The file AppArmor gives the error for is not in /var/tmp:
it's in a local directory inside QEMU's build dir:

Nov  5 16:01:14 e104462 kernel: [946406.489088] audit: type=1400
audit(1730822474.384:446): apparmor="DENIED" operation="mknod"
profile="swtpm"
name="/mnt/nvmedisk/linaro/qemu-from-laptop/qemu/build/tests/functional/arm/test_arm_aspeed.AST2x00Machine.test_arm_ast2600_evb_buildroot_tpm/qemu-machine-hhuvwytc/.lock"
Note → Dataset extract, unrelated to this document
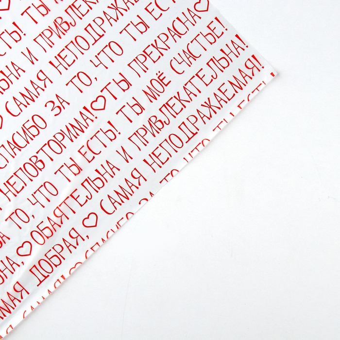 Плёнка для цветов упаковочная тишью влагостойкая «Пожелания», белая, 0.6 x 10 м

pid=2820156 comm="swtpm" requested_mask="c" denied_mask="c" fsuid=1000
ouid=1000
> The following solutions should work:
> - do not install swtpm at all
> - sudo cp /usr/bin/swtpm  /usr/local/bin/swtpm
> - as root: echo "include <abstractions/user-tmp>" >>
> /etc/apparmor.d/local/usr.bin.swtpm && apparmor_parser -r
> /etc/apparmor.d/usr.bin.swtpm

Is there no way to just have apparmor not apply at all
here? I can see why you might want it to apply for the
case of "I'm using it as part of a sandboxed VM setup",
but in this scenario I am a local user running this binary
which is not setuid root and it is accessing a file in a
directory which my user owns and has permissions for.
This should not be being rejected: there is no security
boundary involved and swtpm is not doing anything
that I could not directly do myself anyway (as you
can tell from the fact that copying the swtpm binary
to a different location and running it works).